Provided records
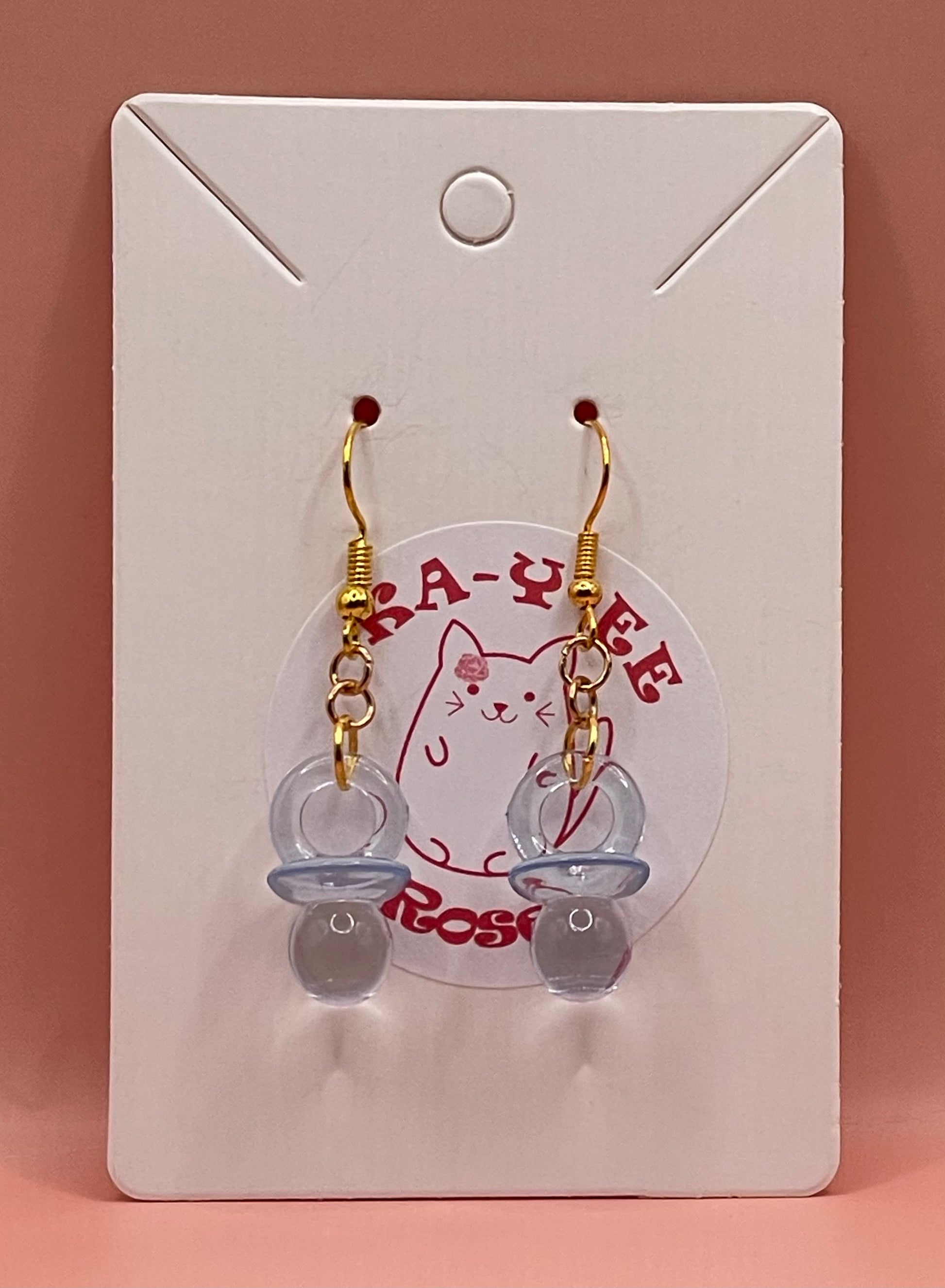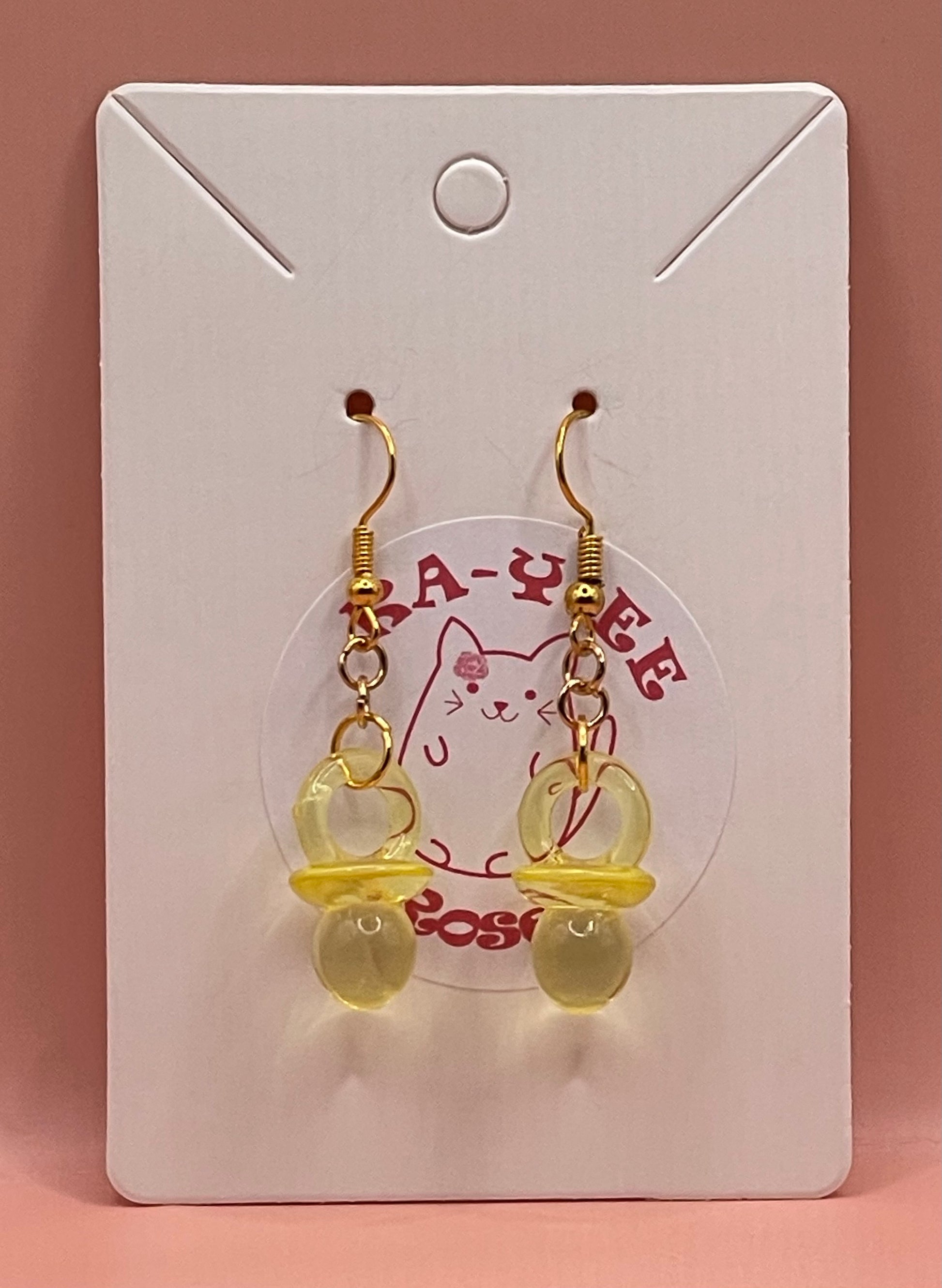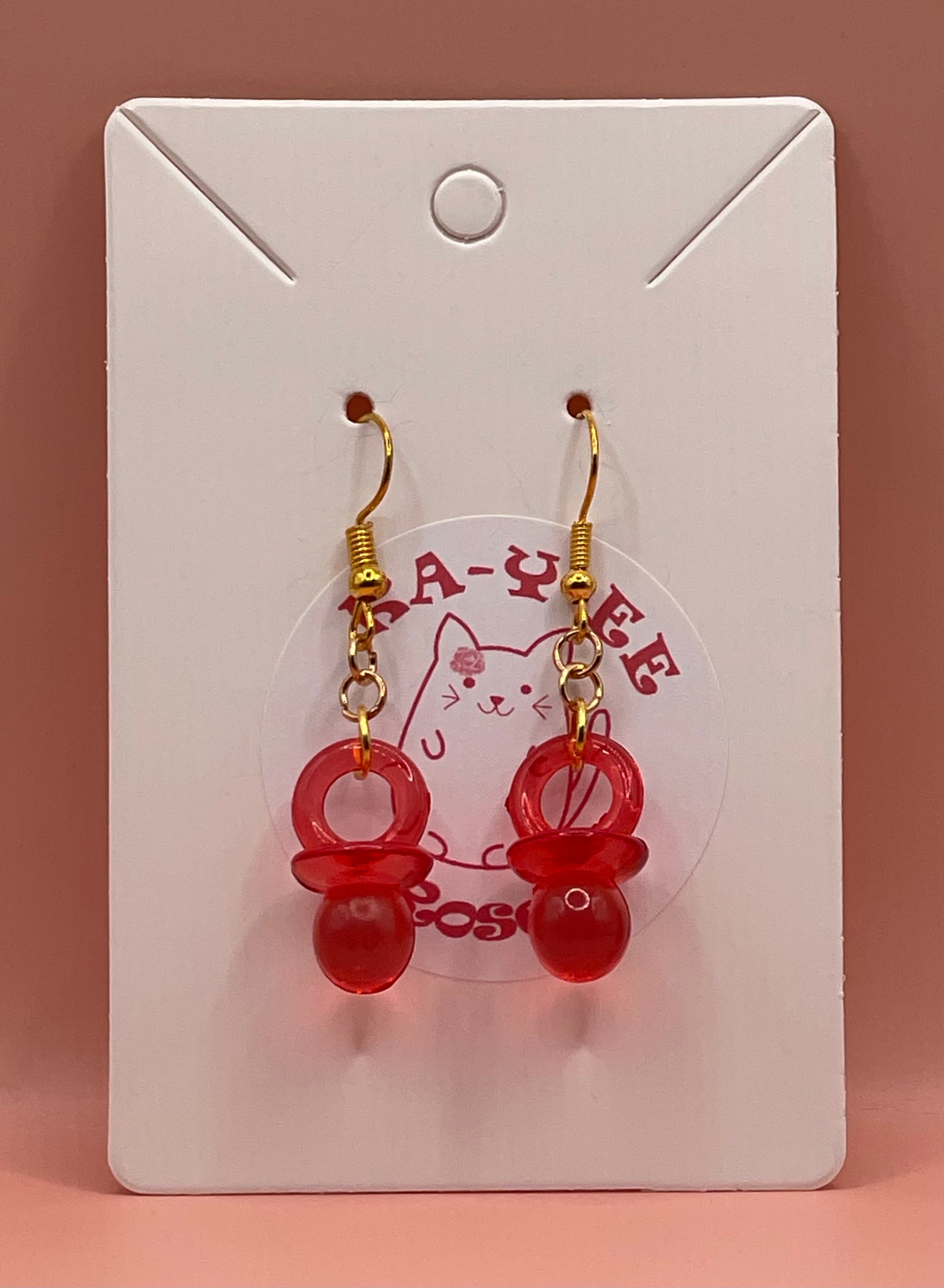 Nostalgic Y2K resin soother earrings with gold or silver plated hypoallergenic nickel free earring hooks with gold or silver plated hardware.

---

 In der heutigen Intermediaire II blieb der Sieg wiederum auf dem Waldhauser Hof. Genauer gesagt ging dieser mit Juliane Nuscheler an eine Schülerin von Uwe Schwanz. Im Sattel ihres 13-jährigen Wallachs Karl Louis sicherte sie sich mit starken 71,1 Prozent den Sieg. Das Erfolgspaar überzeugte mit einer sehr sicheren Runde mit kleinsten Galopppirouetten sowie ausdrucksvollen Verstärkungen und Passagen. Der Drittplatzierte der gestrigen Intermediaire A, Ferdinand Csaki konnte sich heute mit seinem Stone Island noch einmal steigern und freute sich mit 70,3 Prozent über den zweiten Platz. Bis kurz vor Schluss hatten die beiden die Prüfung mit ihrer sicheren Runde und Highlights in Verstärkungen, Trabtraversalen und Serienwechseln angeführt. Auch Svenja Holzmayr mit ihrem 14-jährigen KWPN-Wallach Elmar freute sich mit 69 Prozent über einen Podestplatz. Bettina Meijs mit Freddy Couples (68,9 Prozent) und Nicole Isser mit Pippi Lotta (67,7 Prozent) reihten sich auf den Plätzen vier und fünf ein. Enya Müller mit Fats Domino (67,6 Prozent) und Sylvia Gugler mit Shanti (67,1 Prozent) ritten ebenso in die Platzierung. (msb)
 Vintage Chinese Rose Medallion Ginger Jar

==

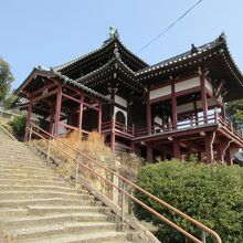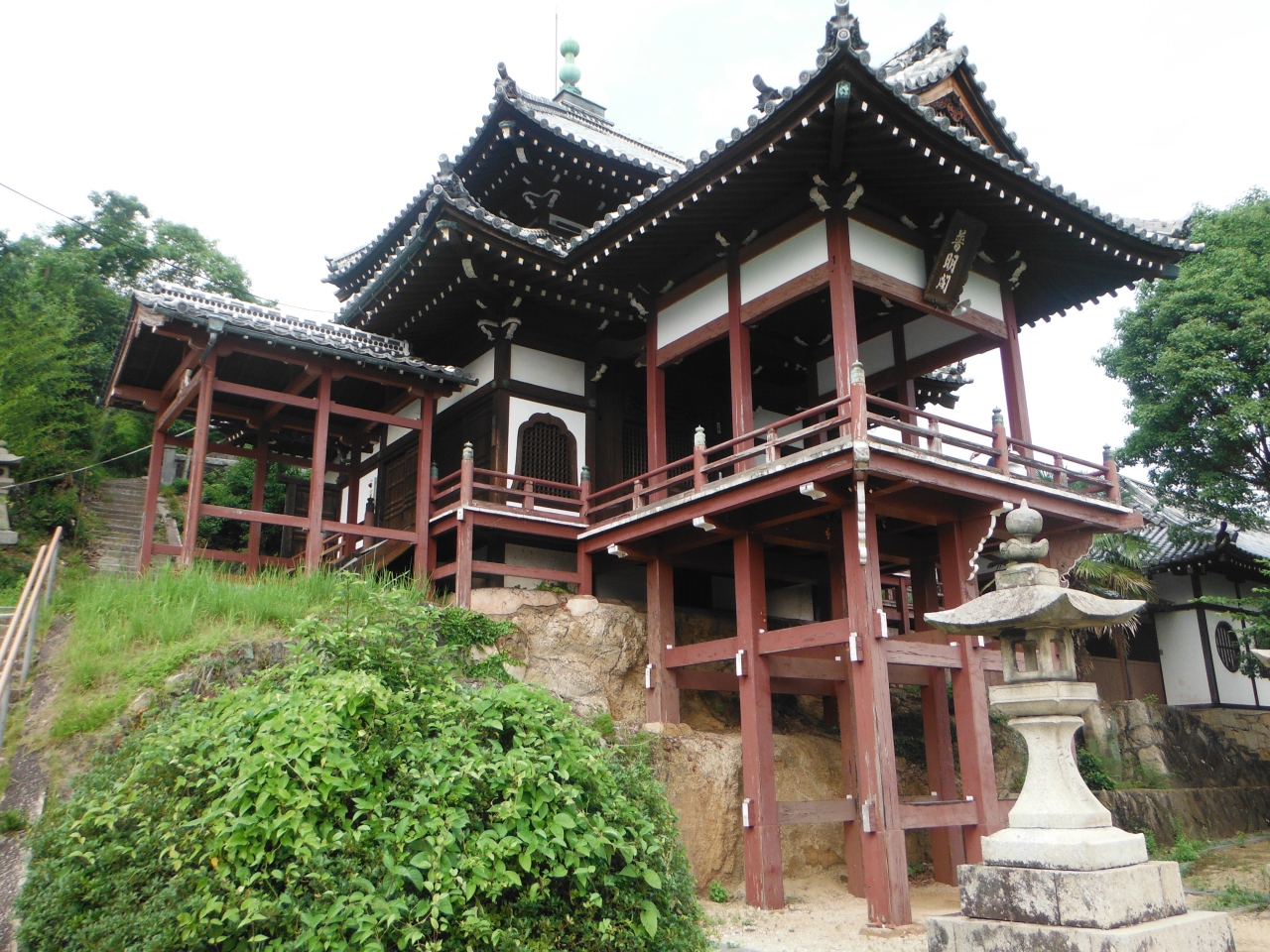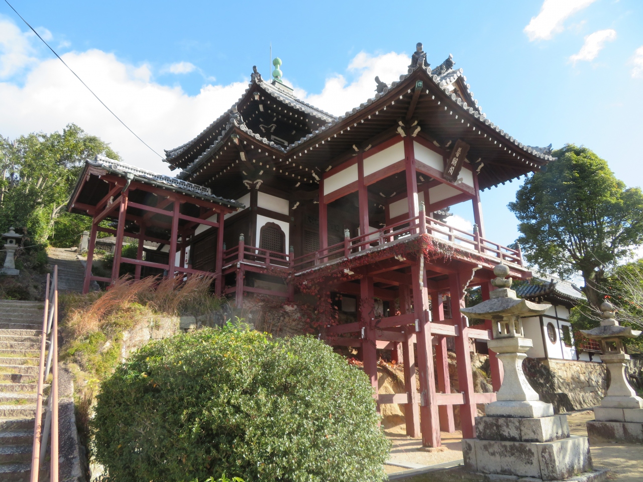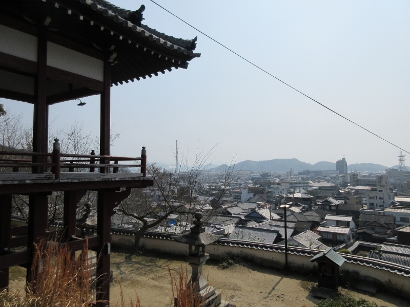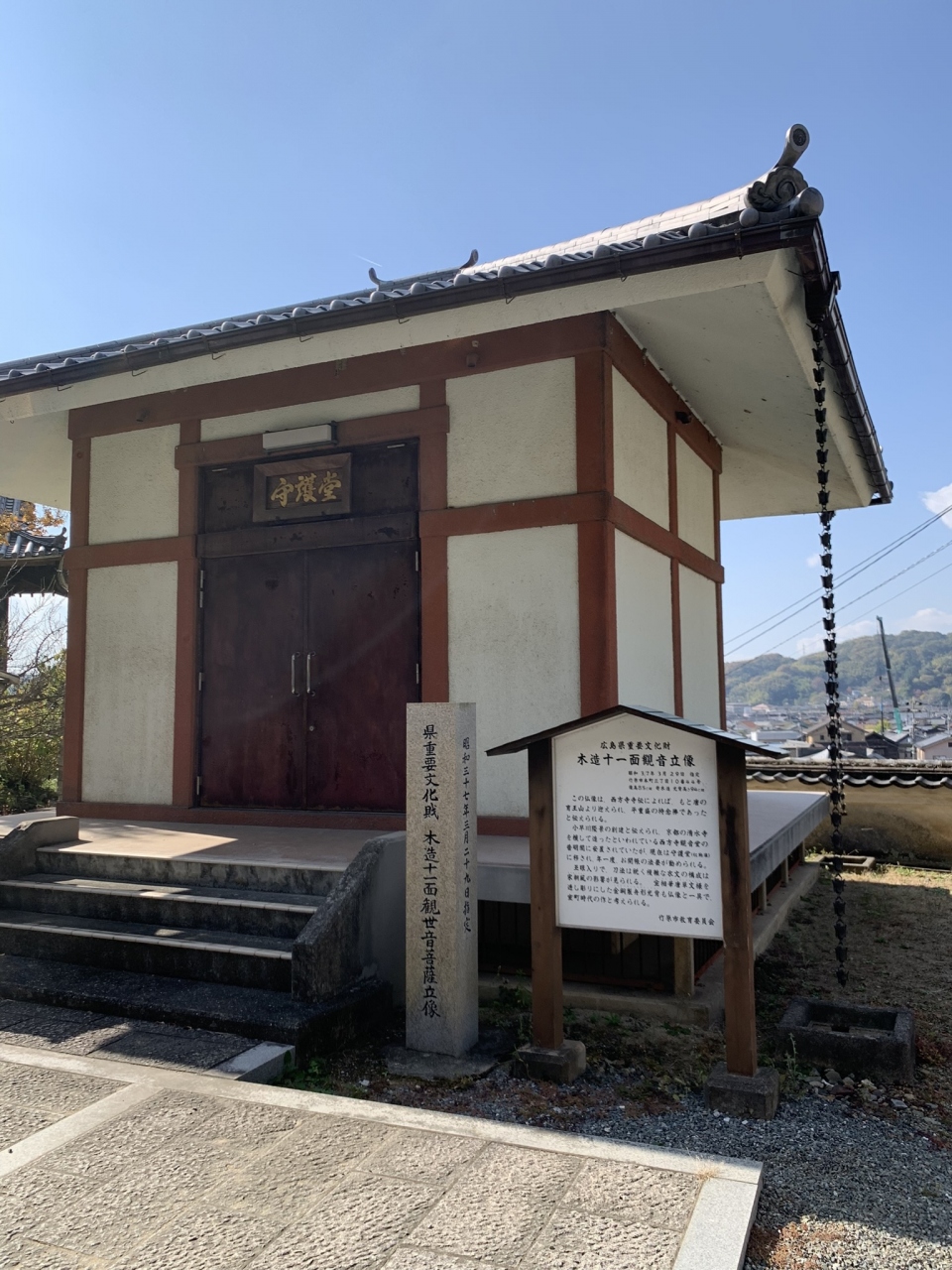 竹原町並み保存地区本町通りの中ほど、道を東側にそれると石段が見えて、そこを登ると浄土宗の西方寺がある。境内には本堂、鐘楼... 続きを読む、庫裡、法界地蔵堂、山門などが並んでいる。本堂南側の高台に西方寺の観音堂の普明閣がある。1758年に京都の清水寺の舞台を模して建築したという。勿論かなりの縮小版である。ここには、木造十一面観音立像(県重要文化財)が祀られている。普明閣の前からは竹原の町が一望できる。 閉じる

Problem requirements
Using the entries above, give back exactly the line containing "In der heutigen", the line containing "Vintage Chinese Rose Medallion Ginger Jar", and every line between them, and nothing else.

Exercise response
 In der heutigen Intermediaire II blieb der Sieg wiederum auf dem Waldhauser Hof. Genauer gesagt ging dieser mit Juliane Nuscheler an eine Schülerin von Uwe Schwanz. Im Sattel ihres 13-jährigen Wallachs Karl Louis sicherte sie sich mit starken 71,1 Prozent den Sieg. Das Erfolgspaar überzeugte mit einer sehr sicheren Runde mit kleinsten Galopppirouetten sowie ausdrucksvollen Verstärkungen und Passagen. Der Drittplatzierte der gestrigen Intermediaire A, Ferdinand Csaki konnte sich heute mit seinem Stone Island noch einmal steigern und freute sich mit 70,3 Prozent über den zweiten Platz. Bis kurz vor Schluss hatten die beiden die Prüfung mit ihrer sicheren Runde und Highlights in Verstärkungen, Trabtraversalen und Serienwechseln angeführt. Auch Svenja Holzmayr mit ihrem 14-jährigen KWPN-Wallach Elmar freute sich mit 69 Prozent über einen Podestplatz. Bettina Meijs mit Freddy Couples (68,9 Prozent) und Nicole Isser mit Pippi Lotta (67,7 Prozent) reihten sich auf den Plätzen vier und fünf ein. Enya Müller mit Fats Domino (67,6 Prozent) und Sylvia Gugler mit Shanti (67,1 Prozent) ritten ebenso in die Platzierung. (msb)
 Vintage Chinese Rose Medallion Ginger Jar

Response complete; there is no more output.